Introduction

So you want to use coral? Congratulations, because it’s super awesome.

Let’s start with an introduction to the main coral modules.

coral modules

coral has 7 modules: analysis, constants, database, design, reaction, seqio, and sequence.

The modules have been split up by function - the activity that a user wants to execute. For example, anything related to accessing scientific databases is in the database module and activities related to designing sequences are in the design module.

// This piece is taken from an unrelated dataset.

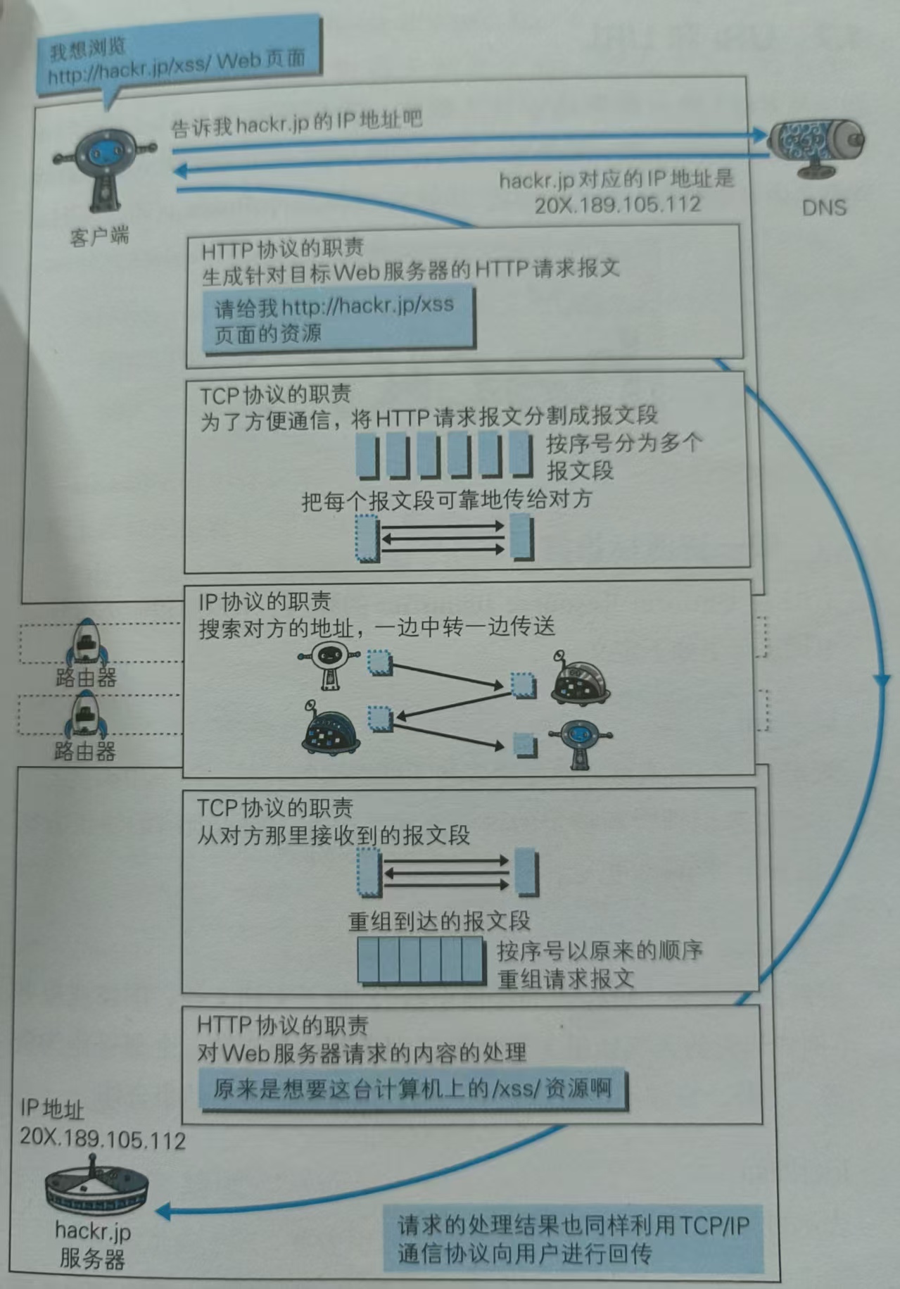 首先,作为发送端的客户端在应用层发出一个想看某一网页的HTTP请求。

The modules are explicitly organized via their __init__.py files. All this means is that anything available via coral.module.* is usable and hopefully useful. You can explore the functions and classes defined for each module by reading more of the ipython documentation, sphinx autodoc documentation, or interactively investigating modules in the ipython notebook using tab completion and ? documentation. coral follows the PEP 8 style guidelines on class and function names so that you can differentiate between them - classes use CamelCase and functions use lower_case with underscores.

['DNA',
 'Feature',
 'Peptide',
 'Primer',
 'RNA',
 'RestrictionSite',
 '__builtins__',
 '__doc__',
 '__file__',
 '__name__',
 '__package__',
 '__path__',
 '__version__',
 'analysis',
 'constants',
 'database',
 'design',
 'reaction',
 'seqio',
 'sequence',
 'ssDNA',
 'utils']

Top-level

In addition to the core modules, the top-level coral module provides the core data structures used in coral - DNA, RNA, and Peptide (as well as specialized classes like Primer).

DNA: ATGC
Palindrome?: False

RNA: AUGC

Peptide: MLNP

As you can see above, to make DNA, RNA, or Peptide objects you just invoke the correct sequence. command and give it a valid string as an argument. Case does not matter, but precision does - only unambiguous and valid DNA, RNA, or Peptide sequences are allowed. The sequence module also contains special cases of DNA objects (Primer, RestrictionSite, Feature), which are covered in detail later. You can treat DNA, RNA, and Peptide objects much like strings or lists in python, so addition, multiplication, slicing, and container logic are all defined.

analysis

The analysis module is focused on providing functions and classes for analyzing DNA, RNA, and Peptides, focusing on information inherent to the sequence (palindromes, repeats, melting temperatures), structural information (Vienna RNA and NUPACK classes), and sequencing (Sanger sequencing analysis).

48.03216557174494

constants

The constants module contains data - information that doesn’t change (i.e. is constant). This includes alphabets (sets of characters) that define DNA, RNA, and peptides and other standards, such as the genbank feature table.

database

The database module is for accessing scientific databases. It currently has limited functionality, talking only to the Rebase database of restriction enzymes.

design

The design module holds classes and functions for the design of new constructs. The two most important functions are design_primer and gibson. The former designs primers for a given input sequence while the latter designs Gibson primers for a whole series of input fragments.

reaction

The reaction module simulates reactions relevant to cloning and basic molecular genetics, including transcription, reverse transcription, translation, exonuclease activity, extracting coding sequences, digesting with restriction endonucleases, pcr, and Gibson assembly.

seqio

The seqio module is for sequence input/output - reading and writing sequences. The module currently supports reading in individual sequences (fasta or genbank) using read_dna, reading in all the .ab1, .abi, and .seq files in a directory using read_sequencing, and writing DNA objects to file (fasta or genbank).